(Items from a dataset)
--- START ---
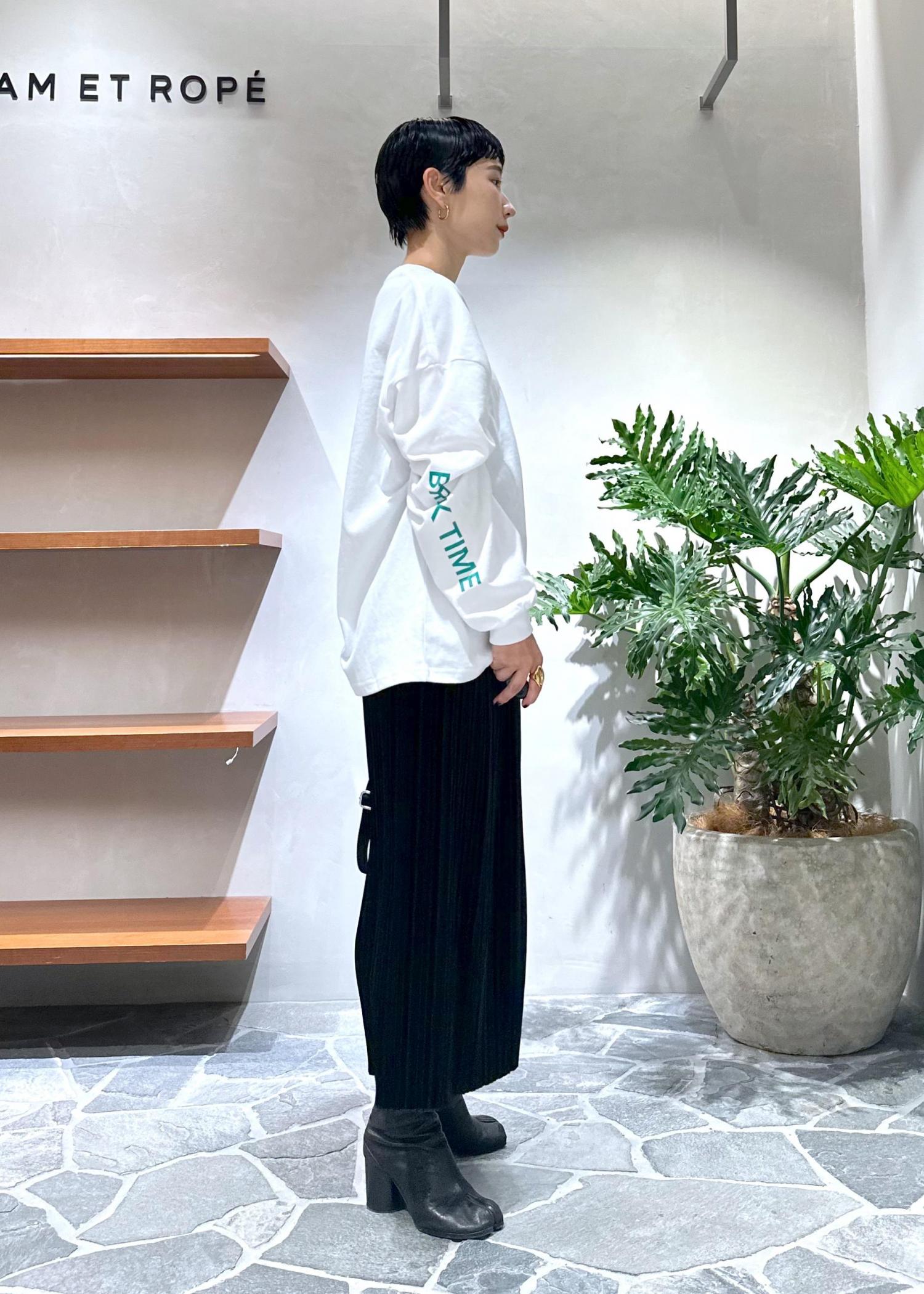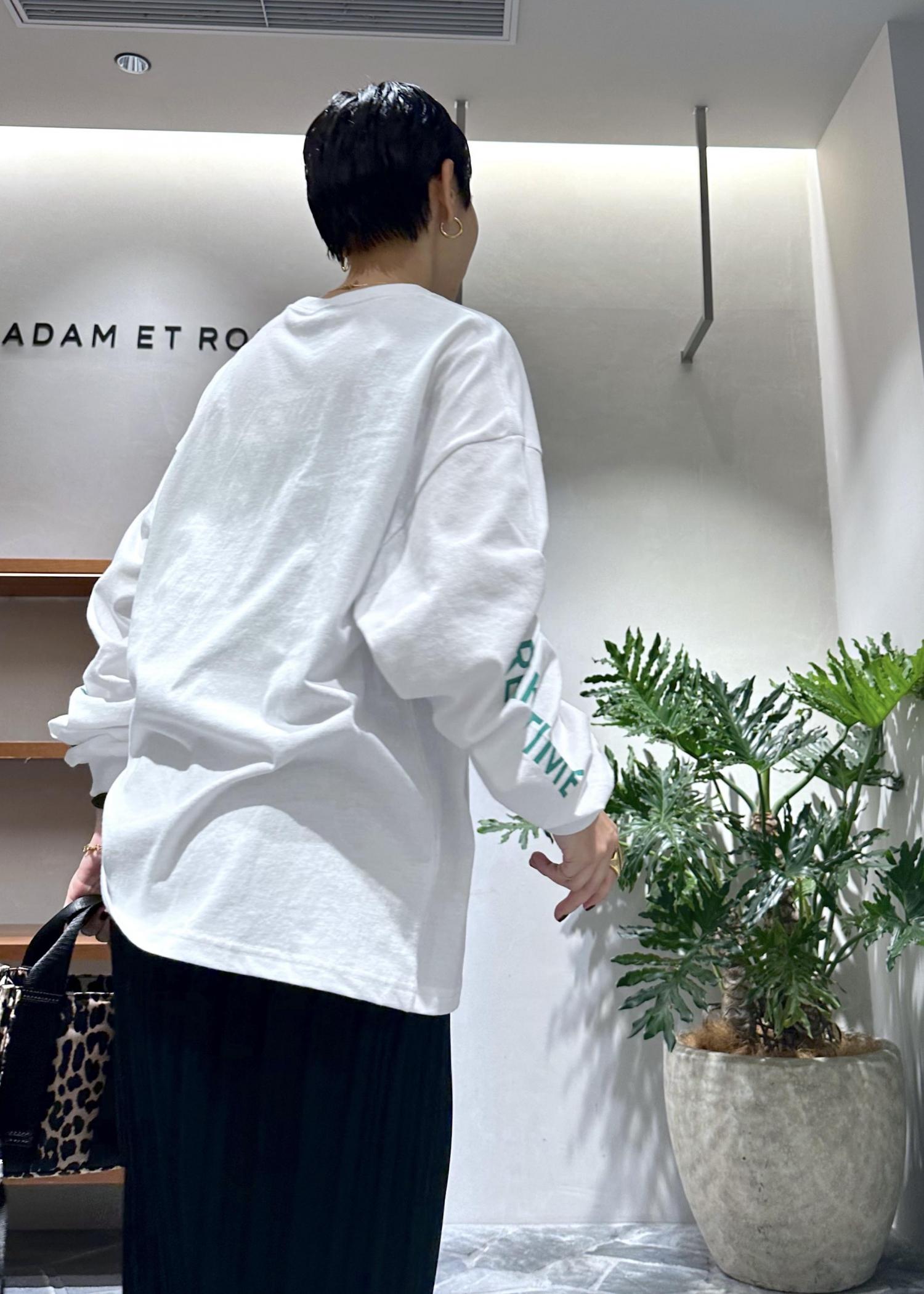 PARROTT CANVASのスリーブロゴがかわいいロングTをメインに少しキレイめなスタイリングにしてみました。
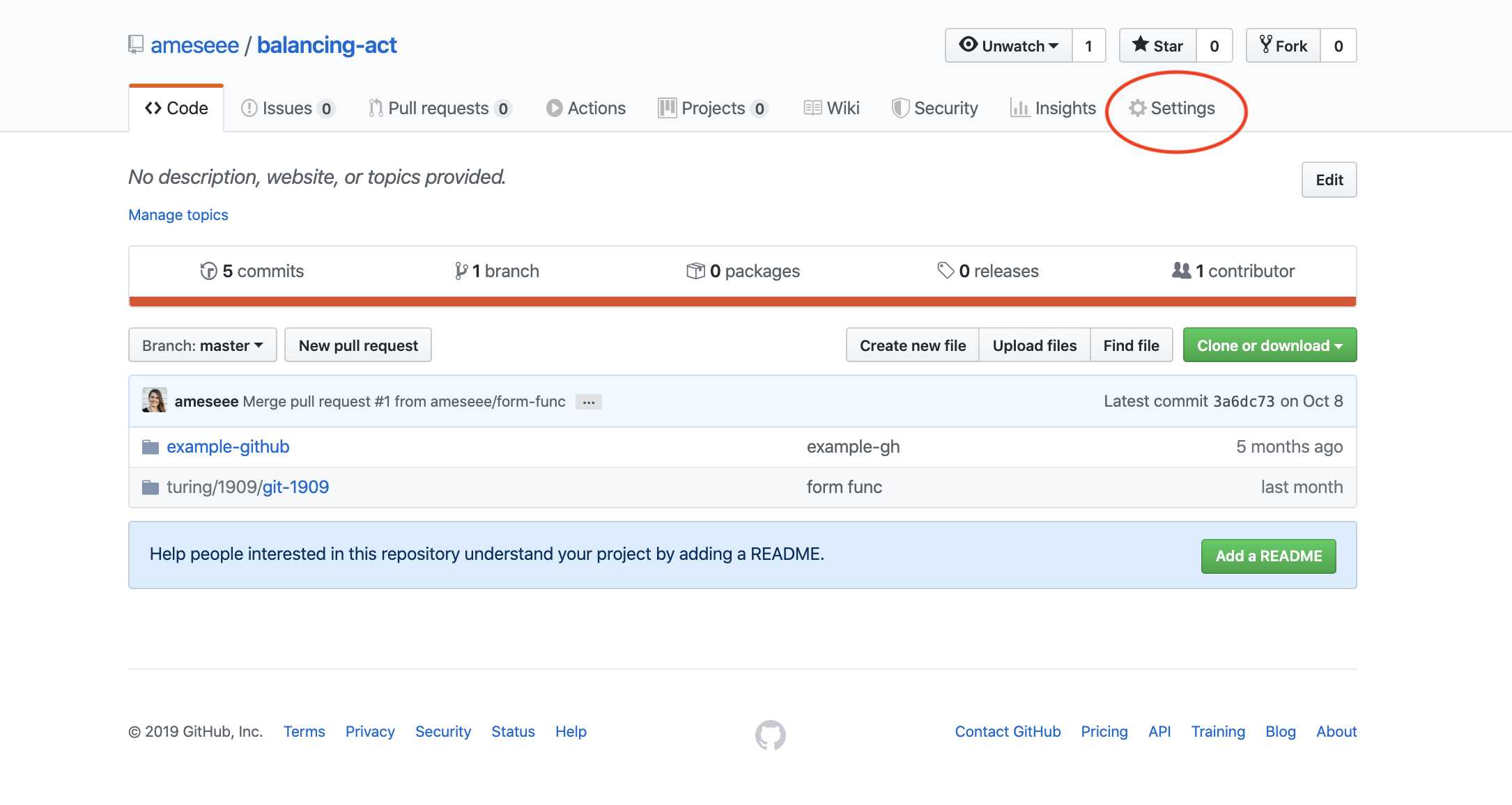 - From the main repository page, click “Settings”
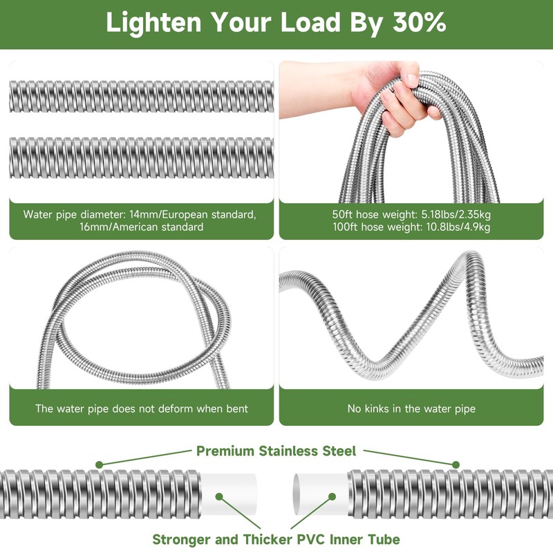 - Sturdy and Long- Lasting: The garden hose metal is made of sturdy 304 stainless steel. It offers premium durability and can endure pet bites, cacti puncture, dragging through dirt and rocks, and more. Not only can it be dragged on various materials of flooring for a long time without easily breaking, but it can also work normally in extreme weather.
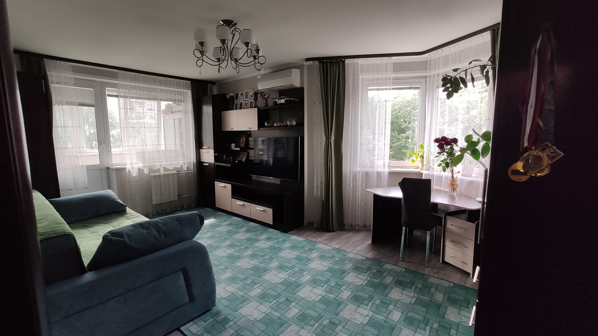 Общая площадь 60 кв.м., комнаты изолированные: большая 19,3 с двумя окнами и угловым эркером и маленькая 14 кв.м. В обеих комнатах просторные застекленные лоджии. Кухня 12,9 кв.м с эркером. Раздельный санузел. На кухне полы с подогревом, подвесные потолки с точечным освещением. В прихожей и коридоре два больших шкафа-купе, остаются покупателям. Также в квартире остается встроенный кухонный гарнитур (столешница - искусственный камень) с необходимой техникой и новый кондиционер. Был произведен качественный ремонт с заменой окон, дверей, радиаторов, сантехники.
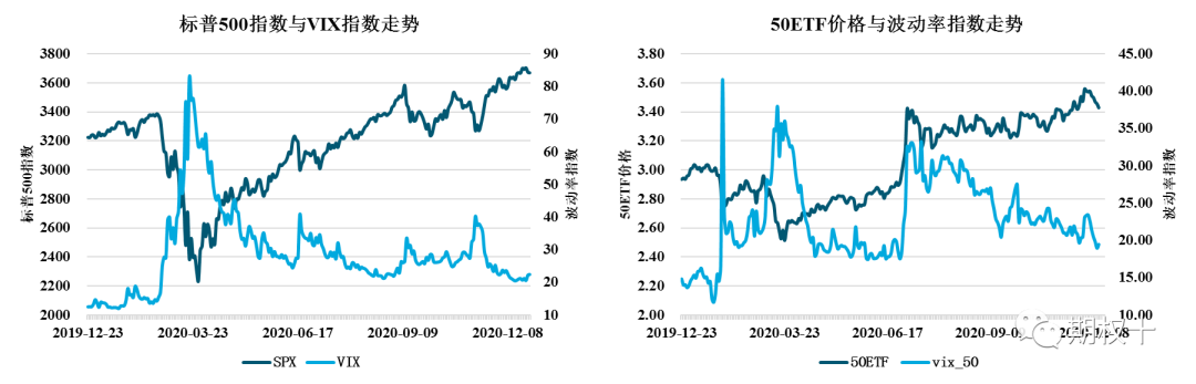 图2:波动率指数与对应标的走势对比(2019.12.23~2020.12.11)
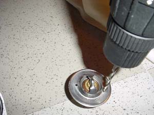 once we fill the radiator with coolant later. Start out using a 1/16" drill and drill into the thermostat away from the 2 support arms on the thermostat. Once you've got the two small holes drilled, go back in with a 3/16" drill bit and enlarge the two holes. Use a screwdriver or sand paper to break off any metal splinters that you may have created during the drilling. |
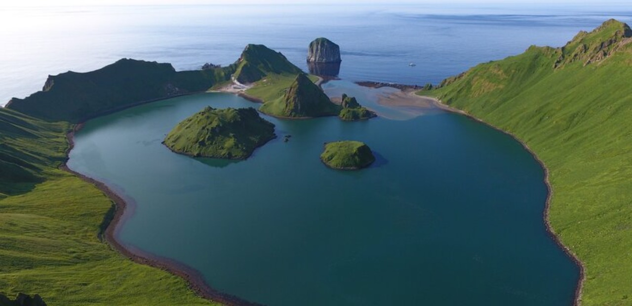О. Симушир (2 локации: кальдера вулкана Заварицкого и бухта Броутона
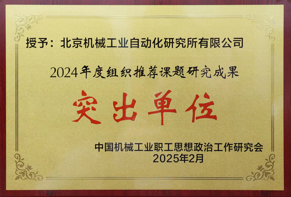 北自所榮獲了2024年度組織推薦課題研究成果突出單位,課題《科技型企業(yè)創(chuàng)新精神的傳承、發(fā)揚(yáng)和實(shí)踐研究》榮獲中國機(jī)械政研會(huì)一類課題研究成果。
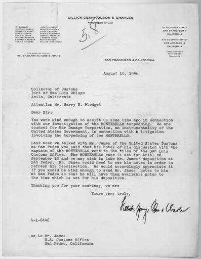 Keywords: Notification of Taking Deposition - NARA - 295007.jpg Scope and content Letter from the law firm of Lillick Geary Olson Charles counsel for the War Damage Corporation notifying the Collector of Customs at Port San Luis Obispo that a court trial had been set for September 10 1946 and that E F James would need his notes from the files at Port San Luis Obispo in order to refresh his memory about the sinking of the Montebello General notes 295007 Local identifier Department of the Treasury Customs Service Collection District of San Francisco Port of Delivery San Luis Obispo 1882 - 1926 NARA's Pacific Region Riverside NRHAR 23123 Cajalco Rd Perris CA 92570 date 1946 08 10 - 1946 08 10 Record group Record Group 36 Records of the U S Customs Service 1745 - 1997 Record group ARC 365 Records Relating to the Destruction of the S S Montebello compiled 12/23/1941 - 09/17/1946 Series ARC 295001 File unit File unit ARC Variant control numbers NAIL Control Number NRHL-36-MON1-6 Other versions <gallery> File Notification_of_Taking_Deposition_-_NARA_-_295007 tif tif File Notification_of_Taking_Deposition_-_NARA_-_295007 jpg jpg </gallery> NARA-cooperation PD-USGov Oil tankers Ship disasters in 1941 |
--- END ---
• **HOW TO COMPLETE THIS TASK**:
Start at the top of the entries and repeat each line exactly, ending at the line that contains "- From the main". Pictures are not part of the copy.

• **SOLUTION**:
 PARROTT CANVASのスリーブロゴがかわいいロングTをメインに少しキレイめなスタイリングにしてみました。
 - From the main repository page, click “Settings”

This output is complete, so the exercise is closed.